= Speech crimes =

Criminalized form of communication

Speech crimes are certain kinds of speech that are criminalized by promulgated laws or rules. Criminal speech is a direct preemptive restriction on freedom of speech, and the broader concept of freedom of expression.

Laws vary by country in accordance with the legal principles that form the basis of their system of jurisprudence. Prohibitions on shouting fire in a crowded theater (as a practical joke, not as a warning) are not considered controversial in any country, given the potential for imminent harm.

== United States ==
=== Definition of criminal speech ===
Criminal speech is a legal concept that identifies certain kinds of speech as a crime and outside the protection of the First Amendment. In order for a statute that places limits on speech based on its content to be found constitutional, it must pass strict scrutiny analysis as set forth in United States v. O’Brien (1968).

=== Reasoning for free speech ===
In the United States the right to free speech is in the Bill of Rights. Words are expressions of ideas, and allow freedom of individuality. To Founding Father Thomas Jefferson, it was of the utmost importance to keep all speech free in order for the truth to emerge and to have a civil society. Jefferson adopted the Lockean ideas of “inalienable rights to life, liberty, and pursuit of property” but emphasized that “man must give up some of his freedom to secure civility in the government, and if the government violates its duties then man has the power to revolt through expression.″

Case law defines what constitutes criminal speech in the United States. The following are types of non-protected speech:

1. Threats – speech that “encompass(es) those statements where the speaker means to communicate a serious expression of an intent to commit an act of unlawful violence to a particular individual or group of individuals. The speaker need not actually intend to carry out the threat." This is similar to the concept that “true threats” are not protected under the First Amendment.
2. Incitement to Violence – set forth by the court in the case Brandenberg v. Ohio (1969). In this case, the Court found that the First Amendment did “not permit a State to forbid or proscribe advocacy ... except where such advocacy is directed to inciting or producing imminent lawless action and is likely to incite or produce such action." The speaker must have intended for incitement to result. This overruled the previously held "clear and present danger" test in Schenck v. United States (1919). The incitement to violence test is usually used when questioning the legal validity of hate speech.
3. Defamation – as set forth in New York Times v. Sullivan (1964), occurs when one publishes material, claiming its validity, that harms or maligns one’s character or reputation. An actual malice requirement must be proven for a public official to seek damages as a result of defamation. When defamation is in written word, it is called libel; when spoken, it is slander.
4. Obscenity – speech that meets the following criteria is considered obscene and can result in criminal sanctions if any of the following are true:
 (a) 'the average person, applying contemporary community standards' would find that the work, taken as a whole appeals to the prurient interest;
 (b) the work depicts or describes, in a patently offensive way, sexual conduct specifically defined by the applicable state law;
 (c) the work, taken as a whole, lacks serious literary, artistic, political or scientific value.

== Germany ==
The relevant portions of the German Constitution that protect speech are Articles 1 and 5 of German Basic Law. Article 5 states, “(I) Everyone shall have the right freely to express and disseminate his opinion by speech, writing and pictures and freely to inform himself from generally accessible sources. Freedom of the press and freedom of reporting by means of broadcasts and films are guaranteed. There shall be no censorship. (II) These rights are limited by the provisions of the general laws, the provisions of law for the protection of youth, and by the right to inviolability of personal honor. (III) Art and science, research and teaching shall be free. Freedom of teaching shall not absolve one from loyalty to the Constitution.”

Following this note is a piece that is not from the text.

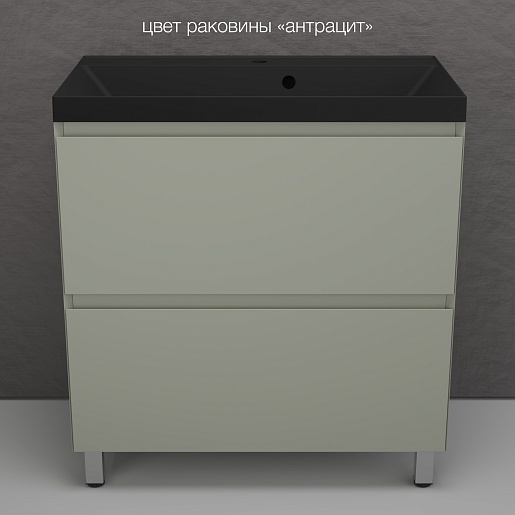 Style Line Тумба с кварцевой раковиной антрацит Манхэттен 80 Plus эмаль олива матовая
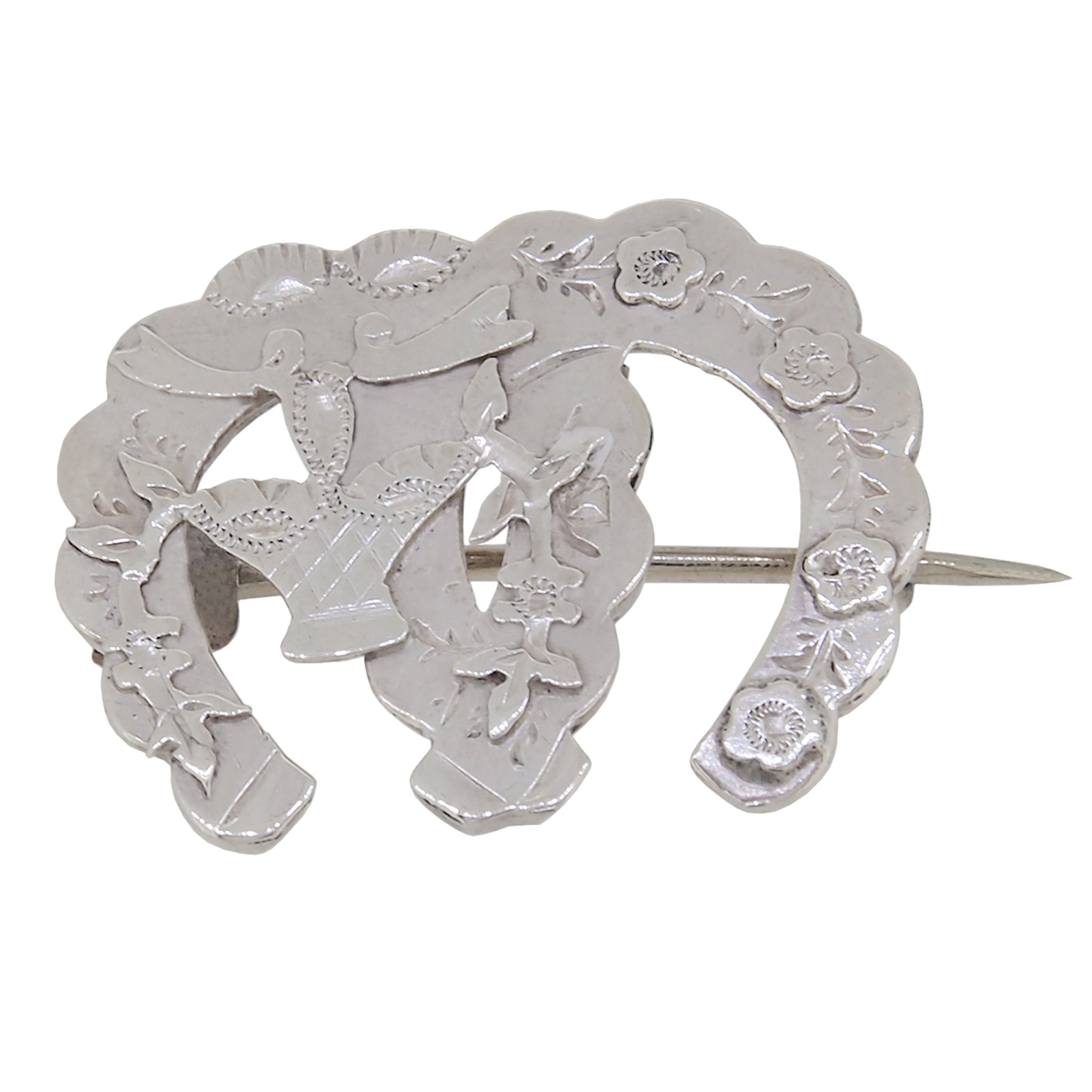A Victorian, silver, floral, double horseshoe brooch with floral decoration.

Speech can be limited as long as it is in a sense proportional to the right it is protecting - this emphasizes the Courts’ belief that “prioritizes personal liberty over government regulation.” The proportionality test is as follows: “…the Court must be satisfied by the following elements: (i) the means used by the government (i.e. regulation or prohibition) are suitable to further a legitimate objective of governmental action, (ii) there is no equally effective but less restrictive means available to serve the same public purpose, and (iii) there is an appropriate, defensible relationship between the importance of the public good to be achieved and the intrusion upon the otherwise protected right.”

=== Articles 130 and 131 ===
The German Criminal Code expands punishment from civil liability to criminal punishment and imprisonment if Articles 130 and 131 are violated. These articles ban hate speech ("Hassrede", legal term: Volksverhetzung).

Under Article 130, hate speech is criminalized if it could lead to incitement of violence, referring specifically to speech or writings that insult human dignity. Punishment is three months to five years imprisonment. This is the code that criminalizes Holocaust denial.

Article 131 extends punishment to those who disseminate, post publicly, or show to youth, renditions of senseless violence or violence that is deemed inhuman.

== France ==
The parts of the French Constitution that affect speech are Articles Five and Eleven of the Declaration of the Rights of Man and of the Citizen. "Article 5: Law can only prohibit such action as are hurtful to society. Nothing may be prevented which is not forbidden by law, and no one may be forced to do anything not provided for by law. Article 11: The free communication of thoughts and opinions is one of the most precious rights of man. Every citizen may, accordingly, speak, write and print with freedom, but shall be responsible for such abuses of this freedom as shall be defined by law."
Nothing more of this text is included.